A separate issue requires further study of the optimal time for measuring the micromovements of a human head for the most accurate diagnosis of COVID-19. In both groups of patients and the control group, the measurement time was 1 (40%) and 3 (60%) minutes for the same number of measurements. Presumably, the accuracy of determining the average median values of the parameters and their standard deviations slightly increases with 3-minute measurements , so now we recommend taking 3-minute measurements to diagnose COVID-19. However, we believe that in the course of further research it will be possible to reduce the testing time to 1 minute or even 30 seconds, due to an increase in the number of input controlled parameters when calculating the AI and the possible complication of the AI structure. Although according to the results of current measurements, all 4 errors (2 false positives and 2 false negatives) refer to 1 minute measurements, thus the accuracy of COVID-19 diagnostics for 3 minute measurements of head micromovements is 100%.
The authors think that a slight decrease in the accuracy of the described method for diagnosing COVID-19 is possible with a significant increase in the number of measurements in the training samples. At present, with an insignificant amount of data in the samples, AI can artificially cling to vibraimage features inherent in cameras and measurement conditions, since the real vibraimage differs from the ideal vibraimage  . With the increase in the amount of measurement data, these pseudo-features of COVID-19 will disappear, and whether this loss can be made up by trained AI is an open question that requires further study.
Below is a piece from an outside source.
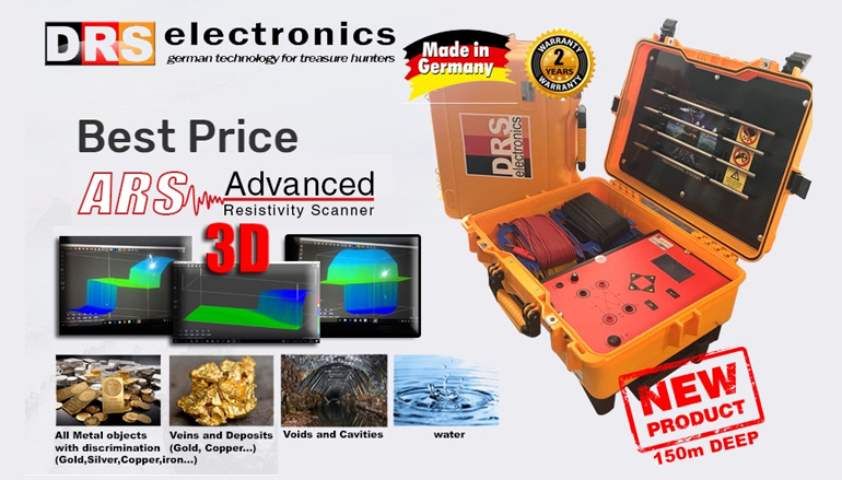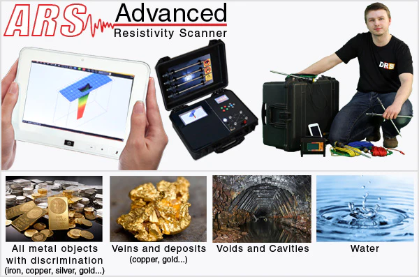 Advanced Resistivity Scanner (ARS) kami memungkinkan Anda mencari logam dengan diskriminasi (emas, tembaga, perak, besi), urat emas, mineral, gua/rongga, dan bahkan air. Hal ini dicapai melalui analisis resistivitas. Resistivitas adalah properti intrinsik yang mengukur seberapa kuat suatu material melawan aliran arus listrik. Teknik ini digunakan dalam konstruksi dan arkeologi. ARS akan mengirimkan arus listrik ke dalam tanah berkat 2 atau 4 probe untuk kedalaman hingga 200 meter! Kemudian akan menganalisa hasil pantulan sinyal tersebut selapis demi selapis. Ini akan menentukan komponen terpenting di bawah kaki Anda apakah itu air, kekosongan, mineral atau logam.

The active spread of COVID-19 in all countries requires a revision of traditional medical diagnostic methods and a more active development of non-contact computer methods, the representative of which is vibraimage technology combined with the capabilities of AI.
In this paper, we do not consider in details ANN structure, presented on the Figure 1 feedforward neural network was selected as enough simple, having low time for training and learning and having high reserves for improving. Also small having database and high-received accuracy are promising more optimization for the next study. Frankly speaking, we were surprised by the practical detection results received from so limited database on pretesting stage and in our understanding it confirms high potential accuracy of suggested method and current AIvsCOVID  program trained on a doubled database.
The authors express their readiness to cooperate with various teams to next improvements of developed method, increase the database for AI training, and improve the accuracy and reliability of the results obtained.
We have developed and offered free COVID-19 test program  with an estimated accuracy better than 99%. In our opinion, its active implementation in all areas will be able to stop the pandemic, and joint efforts to refine it will be able to make it more reliable and possibly universal for detecting new yet unknown diseases. Only regular selftesting and testing all people contact you, will help to stop COVID-19 pandemic.
A global pandemic requires a world effort to end it—none of us will be safe until everyone is safe. Access to vaccines, tests and treatments for everyone who needs them is the only way out—this is a historic test for global cooperation . Testing time and accuracy are so important as vaccines and treatments.
Ethics Approval and Consent to Participate
Authors do not see ethics problems in the current study.
Ethical and professional principles were followed throughout the study. All participants provided written informed consent prior to study entry. All participants could discontinue the prescribed interventions (research) of their choice.